Work task: In your answer, set down the records below exactly as they stand, omitting pictures.

[Stored items from a collection]
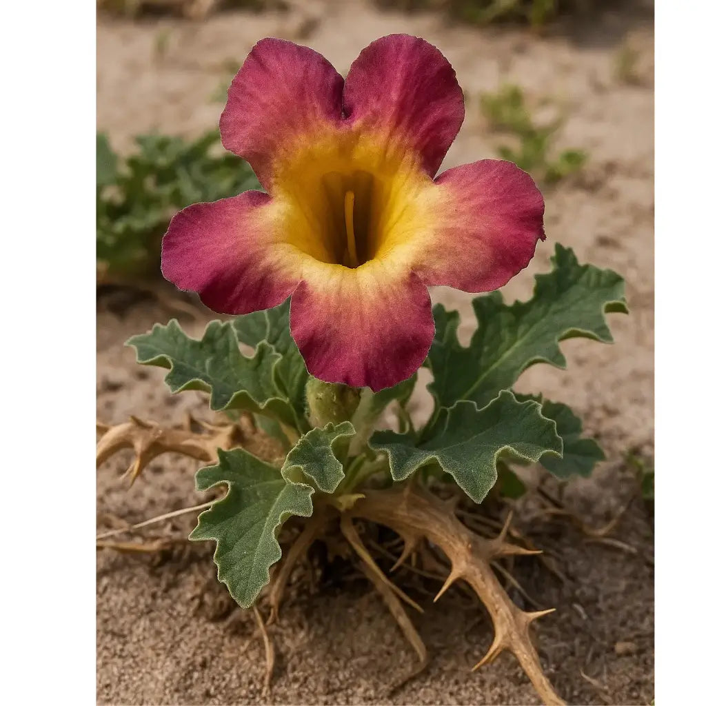 Originaire des déserts sableux d’Afrique australe, elle pousse sur sols arides grâce à ses racines tubéreuses.
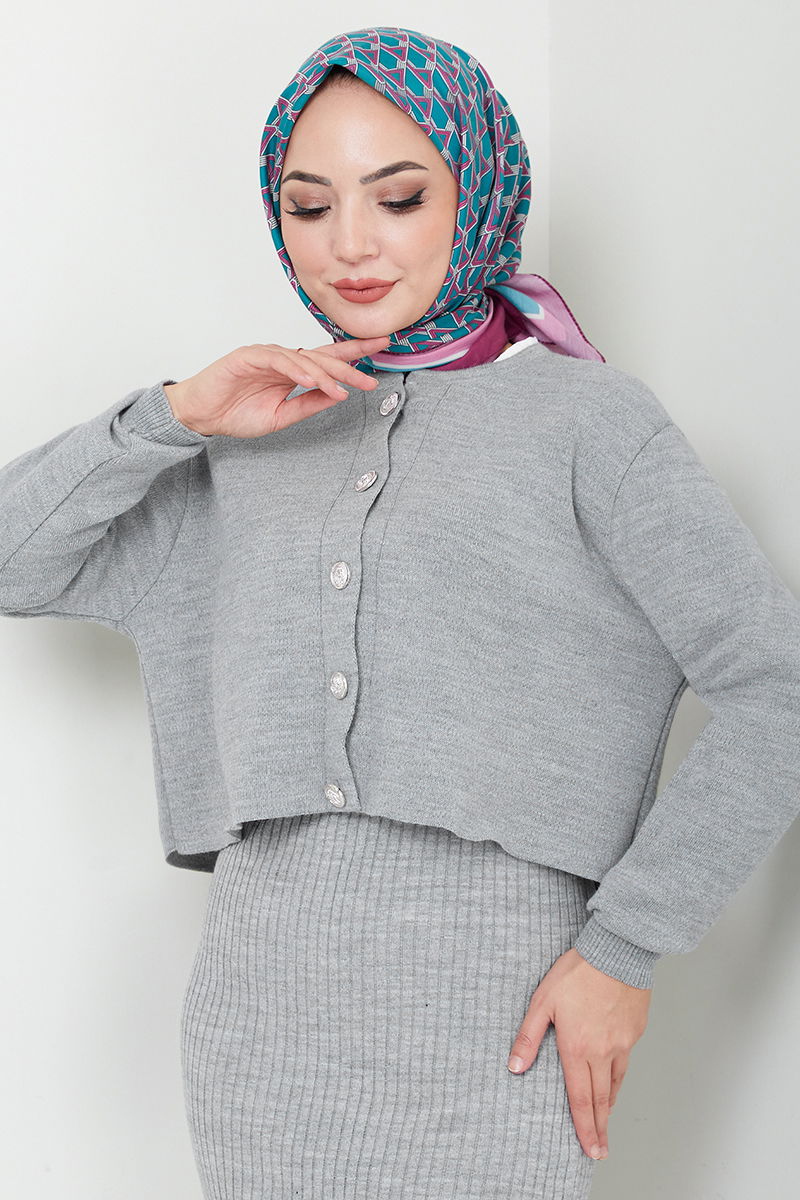 Button Detail Suit GriKombine Products Including : Blouse and dress. Fabric Feature: It is made of first-class Knitwear fabric. It can be used in Autumn and Winter season. Product Feature: New season hijab is a fashion product. The product is a bicycle collar. The product is buttoned from the front. It is unlined.. There may be a tonal difference in the product due to concept photo shoots. Washing : It should be washed at 30 degrees without squeezing. (The product on the model is the standard size.) The button is a Detailed Tool model hijab product. It can be used in Autumn and Winter season. it should be washed at 30 degrees without squeezing. It is made of premium knitwear fabric. The product is a bicycle collar. The product is buttoned from the front. It is unlined. (The product on the model is the standard size.)Weight (Kg):0.49
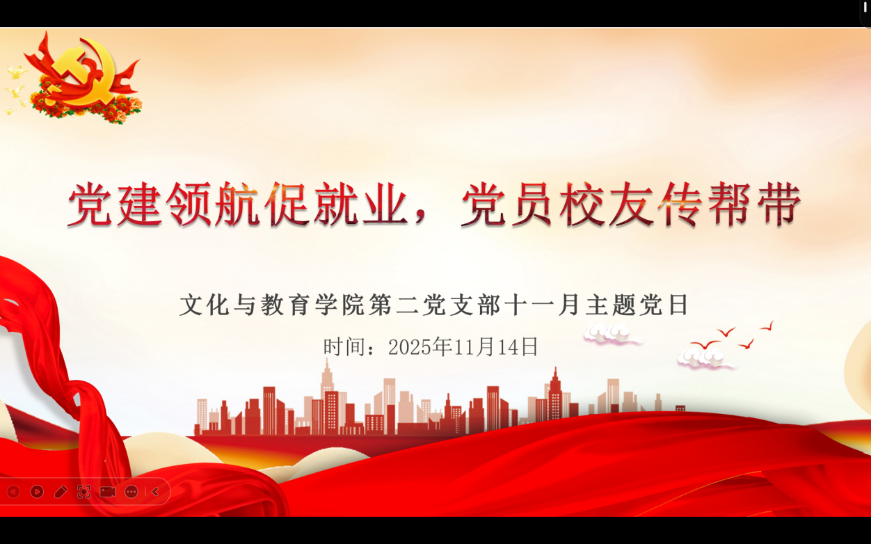 为深入贯彻党建引领就业工作要求,充分发挥党建领航、校友助力的桥梁纽带作用,文化与教育学院第二党支部于11月14日中午依托企业微信平台,开展了“党建领航促就业,党员校友传帮带”十一月主题党日活动。此次活动由邓俊坤主持,支部全体党员参与。
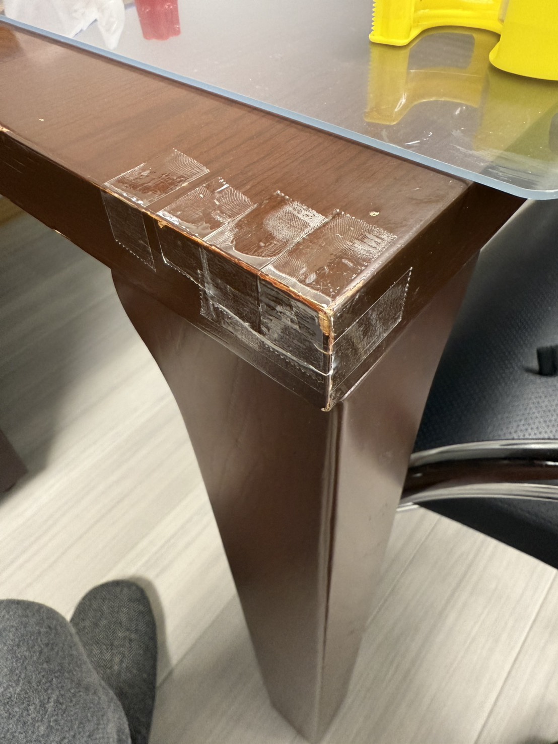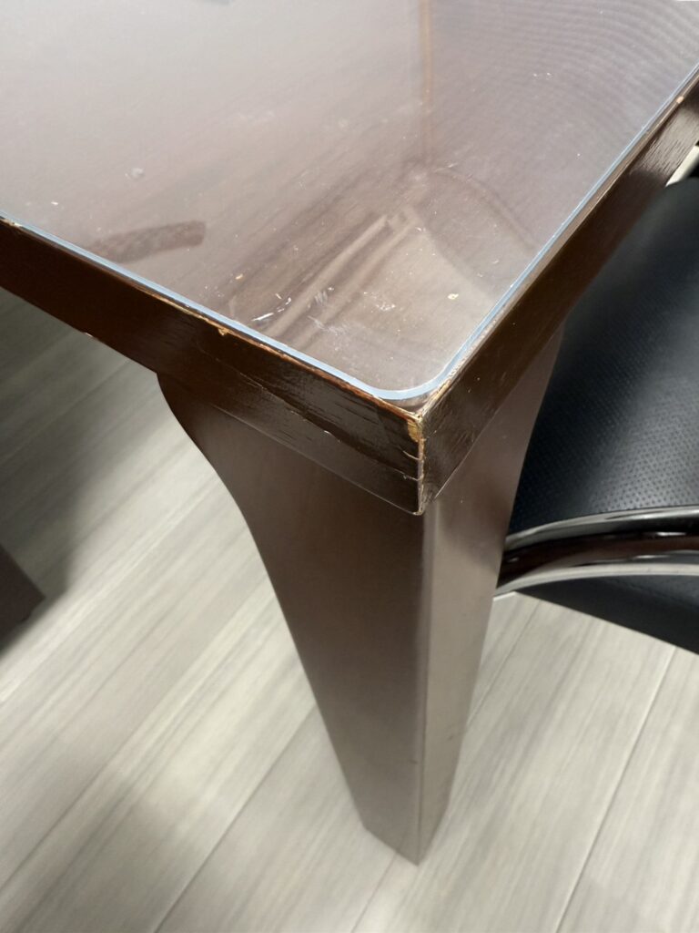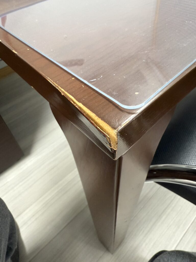 事務所で30年くらい使っているミーティングテーブルの角がめくれているのに 朝気が付きました
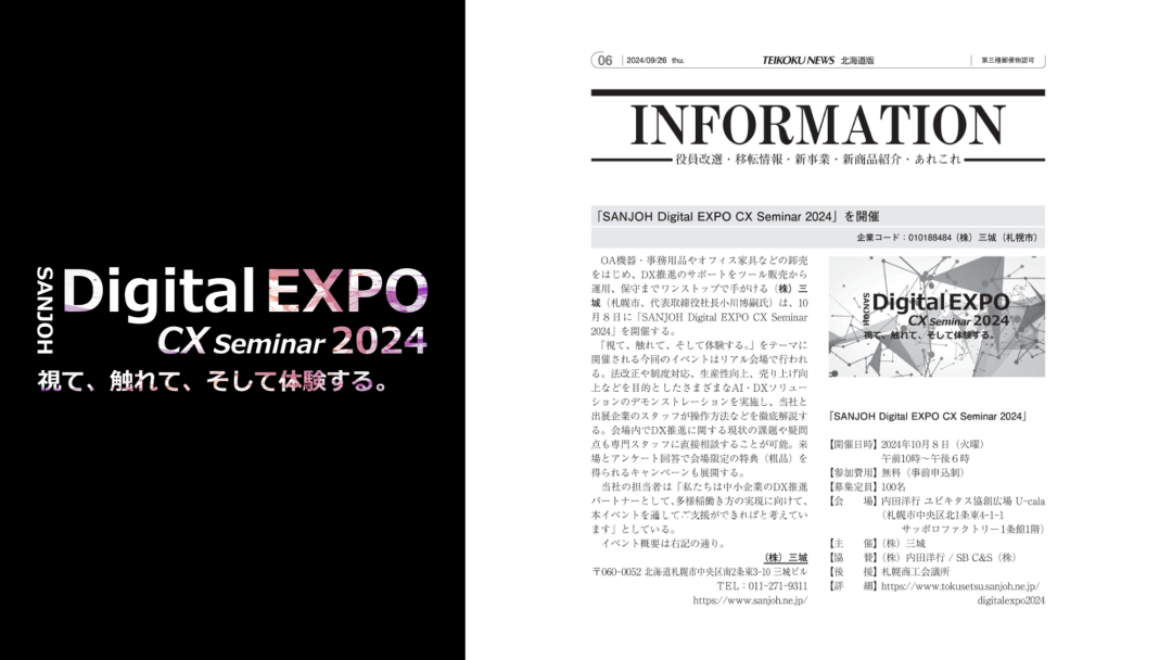 株式会社帝国データバンクが発刊している「帝国ニュース 北海道版(NO.6081 9/26 thu.)」に、SANJOH Digital EXPO CX Seminar 2024を記事として取り上げていただきました!
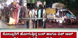 ಕುಂದಾಪುರ: ಕೊಲ್ಲೂರಿಗೆ ಹೋಗುತ್ತಿದ್ದ ಬಸ್ ಹಾಗೂ ಪಿಕ್ ಅಪ್ ಡಿಕ್ಕಿ -ಬಸ್ ಪಲ್ಟಿ, ಐವರಿಗೆ ಗಾಯ
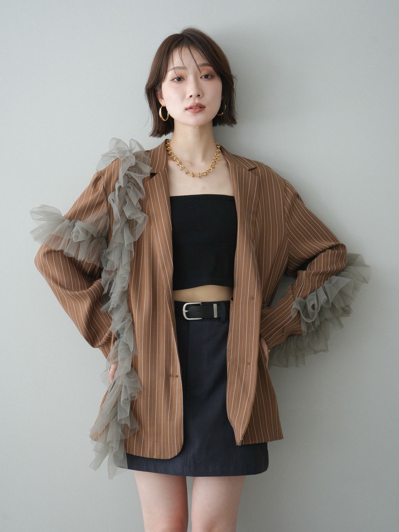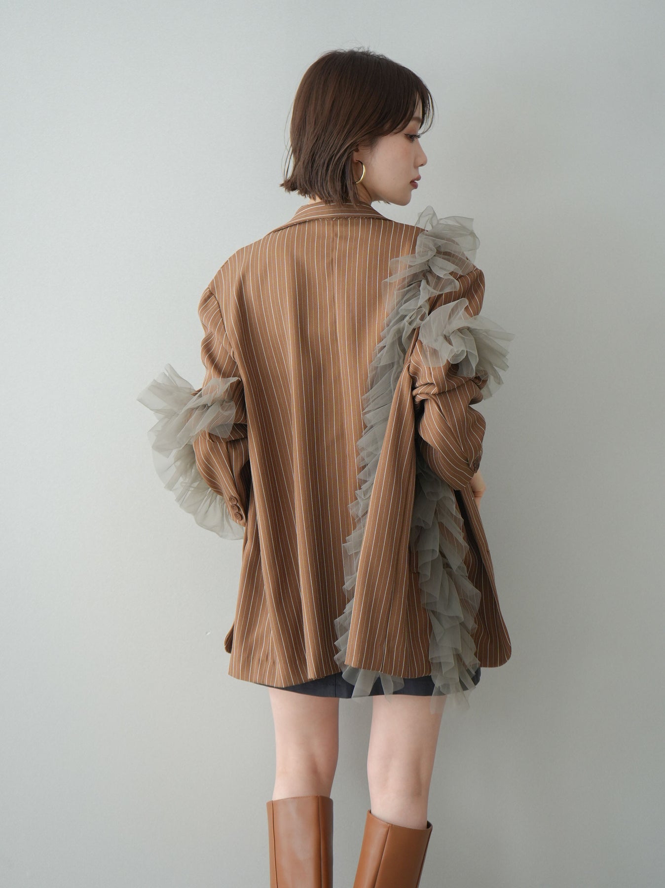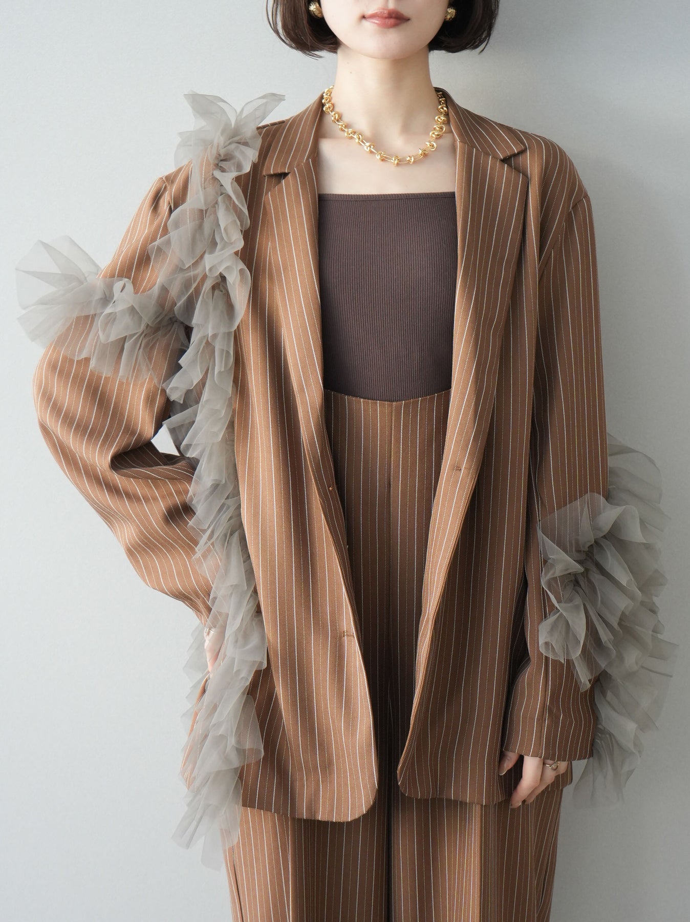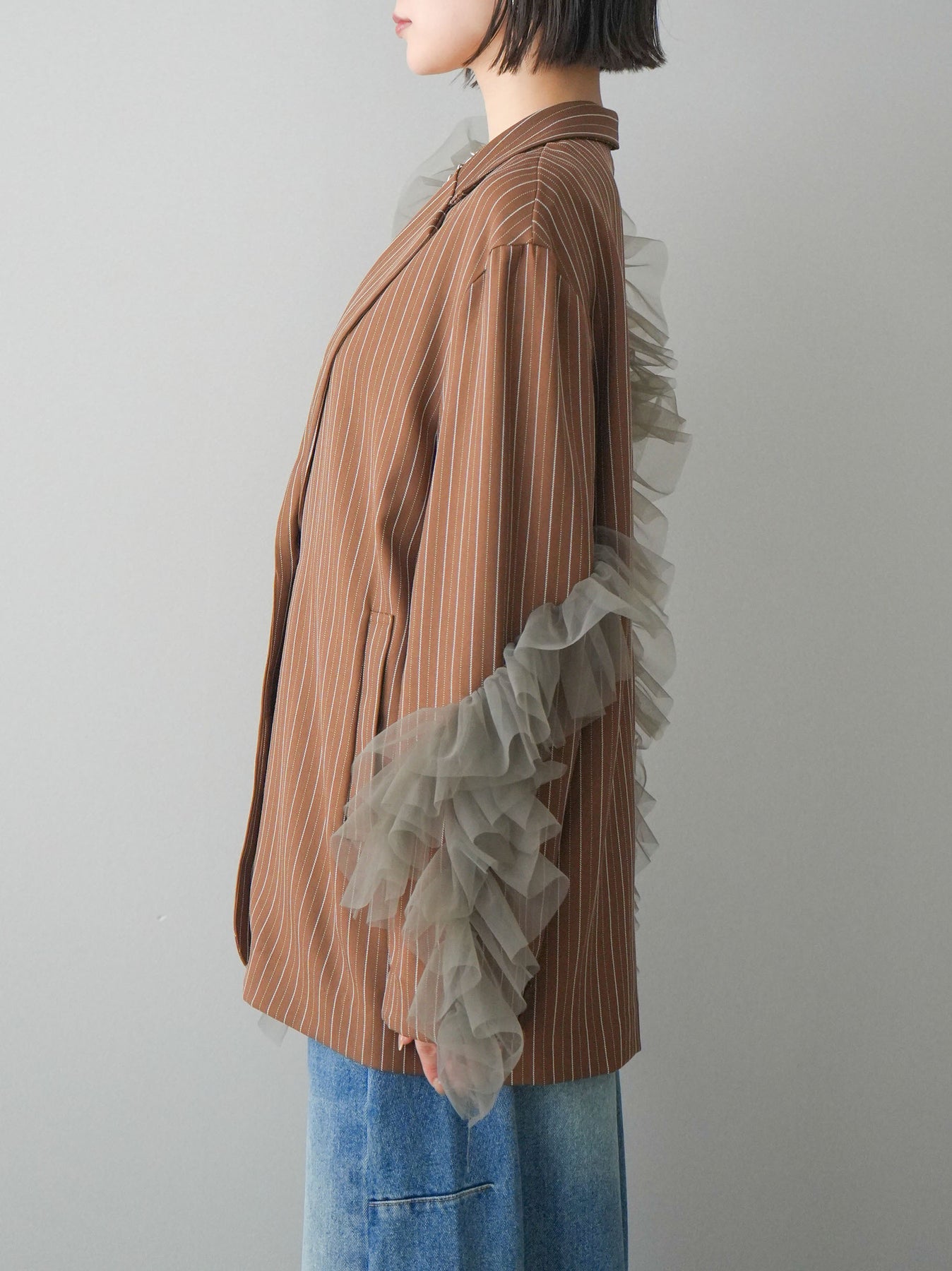 [予約]アシンメトリーチュールストライプジャケット/goldbrown

Output of the task:
 Originaire des déserts sableux d’Afrique australe, elle pousse sur sols arides grâce à ses racines tubéreuses.
 Button Detail Suit GriKombine Products Including : Blouse and dress. Fabric Feature: It is made of first-class Knitwear fabric. It can be used in Autumn and Winter season. Product Feature: New season hijab is a fashion product. The product is a bicycle collar. The product is buttoned from the front. It is unlined.. There may be a tonal difference in the product due to concept photo shoots. Washing : It should be washed at 30 degrees without squeezing. (The product on the model is the standard size.) The button is a Detailed Tool model hijab product. It can be used in Autumn and Winter season. it should be washed at 30 degrees without squeezing. It is made of premium knitwear fabric. The product is a bicycle collar. The product is buttoned from the front. It is unlined. (The product on the model is the standard size.)Weight (Kg):0.49
 为深入贯彻党建引领就业工作要求,充分发挥党建领航、校友助力的桥梁纽带作用,文化与教育学院第二党支部于11月14日中午依托企业微信平台,开展了“党建领航促就业,党员校友传帮带”十一月主题党日活动。此次活动由邓俊坤主持,支部全体党员参与。
 事務所で30年くらい使っているミーティングテーブルの角がめくれているのに 朝気が付きました
 株式会社帝国データバンクが発刊している「帝国ニュース 北海道版(NO.6081 9/26 thu.)」に、SANJOH Digital EXPO CX Seminar 2024を記事として取り上げていただきました!
 ಕುಂದಾಪುರ: ಕೊಲ್ಲೂರಿಗೆ ಹೋಗುತ್ತಿದ್ದ ಬಸ್ ಹಾಗೂ ಪಿಕ್ ಅಪ್ ಡಿಕ್ಕಿ -ಬಸ್ ಪಲ್ಟಿ, ಐವರಿಗೆ ಗಾಯ
 [予約]アシンメトリーチュールストライプジャケット/goldbrown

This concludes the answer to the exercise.